Tiene poco más de un año y es un encanto. Ya camina, sonríe sin parar y entre
grita y balbucea intentando hablar y comunicarse así con sus mayores. Su rostro
es increíblemente expresivo y es capaz de transmitir multitud de emociones:
alegría, complicidad, deseo, sorpresa, picardía, cariño, tristeza,…
Ese pequeño diablillo
alegra la vida de todos los que estamos a su alrededor. Cuando llega a casa
desaparece cualquier atisbo de malhumor o de tensión, los problemas se
desvanecen y se aplazan hasta que su ausencia nos devuelve de nuevo a la
normalidad. Dicen que el ser humano nace con la alegría de la vida
profundamente implantada en su ser y confiando en los demás de forma natural.
Dicen que tan solo el paso de los años nos transforma en los seres adultos que
somos, supuestamente inteligentes, con multitud de normas de etiqueta y de
conducta, habitantes de una sociedad que, por el afán de ser competitiva,
sagrada palabra que envuelve a todo tipo de actividad humana, sea o no
económica, nos vuelve individualistas y desconfiados.
Tan individualistas
y desconfiados que necesitamos de un sinfín de reglas, mecanismos, estructuras
y sanciones para que no nos devoremos los unos a los otros. Mecanismos,
estructuras y sanciones que consiguen lo contrario de lo que se pretendía y que
acaban por alimentar a una sociedad anquilosada, egoísta y temerosa, ya no solo
de sus congéneres sino también de las numerosas normas que se ha dado a si
misma y que son casi imposibles de cumplir en su totalidad tal es la ingente
carga normativa que nos abruma.
“Homo homini
lupus”. El filósofo británico Hobbes, hacía suya esa conocida frase latina en
su “Leviatán”: “el hombre es un lobo para el hombre” y defendía que el egoísmo
es un elemento básico definidor del comportamiento humano que provoca que el
hombre se dote de una serie de convenciones sociales para suavizar y corregir
tal comportamiento facilitando de esa forma la convivencia.
Pero Blanca no
conoce a Hobbes ni sabe que el hombre es un lobo para el hombre y sonríe
confiada y alegre a todo aquél que se le ponga por delante. Es tal su inocencia
que sería capaz de ponerse a jugar con el peor de los mortales quien, a su vez,
probablemente fuera también muchos años ha un bebé inocente y un niño alegre y
confiado.
Hay que cuidar de
Blanca, y hay que educarla, aunque hacerlo a veces signifique acelerar sus
pasos hacia la desconfianza para con el género humano.

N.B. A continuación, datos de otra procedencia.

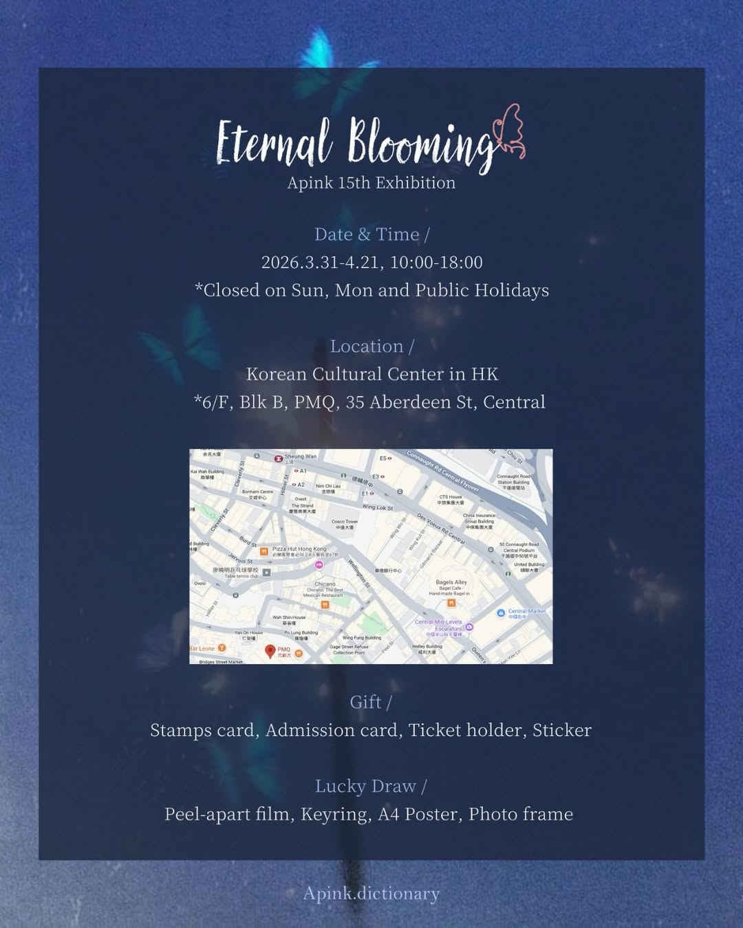 𝐄𝐭𝐞𝐫𝐧𝐚𝐥 𝐁𝐥𝐨𝐨𝐦𝐢𝐧𝐠為慶祝Apink出道15週年,字典將於駐香港韓國文化院舉行展覽,屆時將會展出Apink出道15年來活動相片及週邊,更設有互動打卡位置,以及SNS認證活動。希望大家一同共度歡樂的時光 !!讓我們透過展覽,見證 Apink 15年的成長、回憶與愛。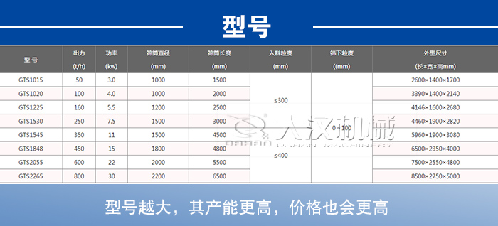 移動式滾筒篩型號非常齊全,主要包括:YTS1030、YTS1040、YTS1230 YTS1240、YTS1250、YTS1530、YTS1540、YTS1550、YTS1560、YTS2040、YTS2050、YTS2060等,這幾種型號移動式滾筒篩的尺寸、重量、電機(jī)功率等均有差異,從前至后,型號越來越大,體積、產(chǎn)能等也隨之增長,同時移動式滾筒篩價格也會呈上漲趨勢,客戶購買時應(yīng)有所注意,客戶可在更大范圍內(nèi)選購更適合自己設(shè)備,不過型號越大,其產(chǎn)能更高,價格也會更高。
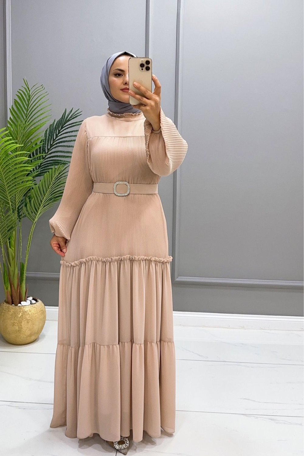 Elbise şifon Mercan Krem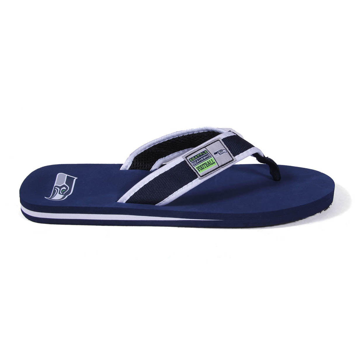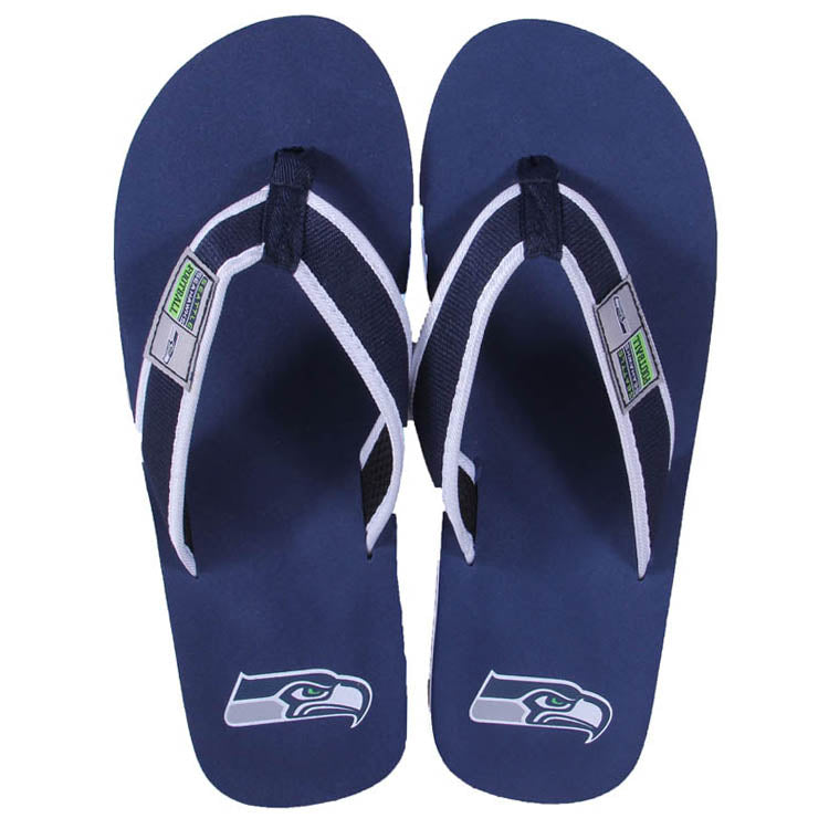 Support your Seattle Seahawks with these unisex Contour Flip Flops. These flip flops come in Blue and Silver team colors and includes a Hawk head with green eye in navy blue and silver logo. Makes the perfect gift! Bottom made of a super soft 100% EVA. Comfortable Nylon and Jersey material with Team Name Embroidered make up the straps.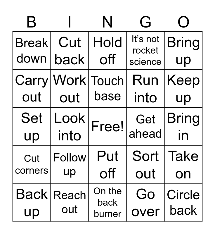This bingo card has a free space and 24 words: Follow up, Reach out, Touch base, Back up, Bring up, Break down, Carry out, Cut back, Get ahead, Put off, Run into, Set up, Sort out, Take on, Work out, Go over, Bring in, Hold off, Keep up, Look into, Circle back, Cut corners, It’s not rocket science and On the back burner.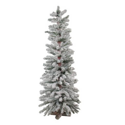 2 3 4ft Artificial Christmas Tree Slim Pencil Flocked Snow Green Pine Jute Base Ebay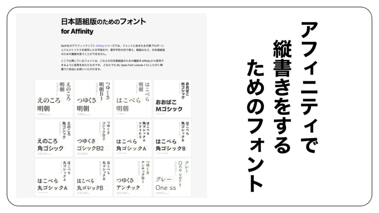 Affinityで縦書きをするためのフォント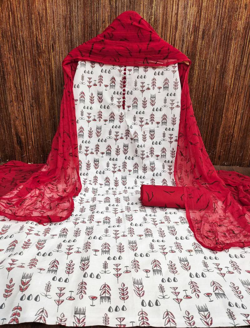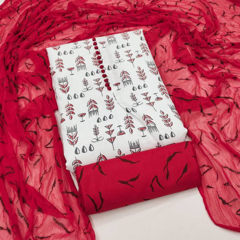 | Product Description | Dashing Print Straight Style 1.80 Mtr Unstitched Dress Material Top Of Cream Colour Slub Cotton Fabric Also Including 2.00 Mtr Chudidar Style Bottom Piece Material Of Red Colour Cotton Fabric With 2.00 Mtr Dupatta Of Red Colour Nazneen Fabric |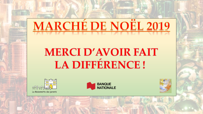 Nous avons le plaisir d’annoncer qu’entre notre Marché de Noël 2019, notre Guignolée et nos donateurs, nous avons amassé un grand total de 1101 $ ! Merci à tout le monde présent en commençant par nos bénévoles allant jusqu’à nos tout-petits usagers 🙂 Il est primordial de souligner l’appui généreux de la Banque Nationale du…

Pero hay algo que
todavía inspira mi esperanza. Tal vez algo pueda cambiar en el futuro. Tal vez
no sea imprescindible educar en una cierta desconfianza o como mínimo en una
cultura de la prevención para sobrevivir. Blanca es una perfecta muestra de
nuestra recién estrenada sociedad digital. Se desenvuelve con la soltura torpe de
una niña de un año con todo tipo de trastos con pantalla táctil y sus deditos
se afanan en pasar de una imagen a otra deslizándose nerviosos sobre el cristal
en la esperanza de ver como nuevas imágenes van apareciendo y regalando sus
sentidos.
Tal vez, solo tal
vez, los deditos de Blanca y de todos los bebés que forman su recién llegada
generación, acostumbrados desde pequeños a pasar con facilidad digital imágenes
y páginas, sean capaces de pasar la perenne página del egoísmo humano, de la
falta de confianza en nuestros congéneres y de su consecuencia, las sociedades
excesivamente reglamentadas y ajenas a la búsqueda de la felicidad. Tal vez,
solo tal vez, esos bebés de hoy conserven a lo largo de su crecimiento esa
inocencia inteligente que haga posible el cambio profundo en las relaciones
humanas.
Tal vez, solo tal
vez. Yo siento que ya no puedo. Es tarde, estoy demasiado contaminado. Lo sigo
intentando pero no se muy bien en quien confiar. Tal vez no confíe ni en mí
mismo. Pero tú Blanca, tal vez estés a tiempo. Pasad página con vuestros
deditos. Conseguid un mundo mejor. Nosotros no supimos. Si lo intentáis, tal
vez, solo tal vez, el hombre deje de ser un lobo para el hombre.
Suerte.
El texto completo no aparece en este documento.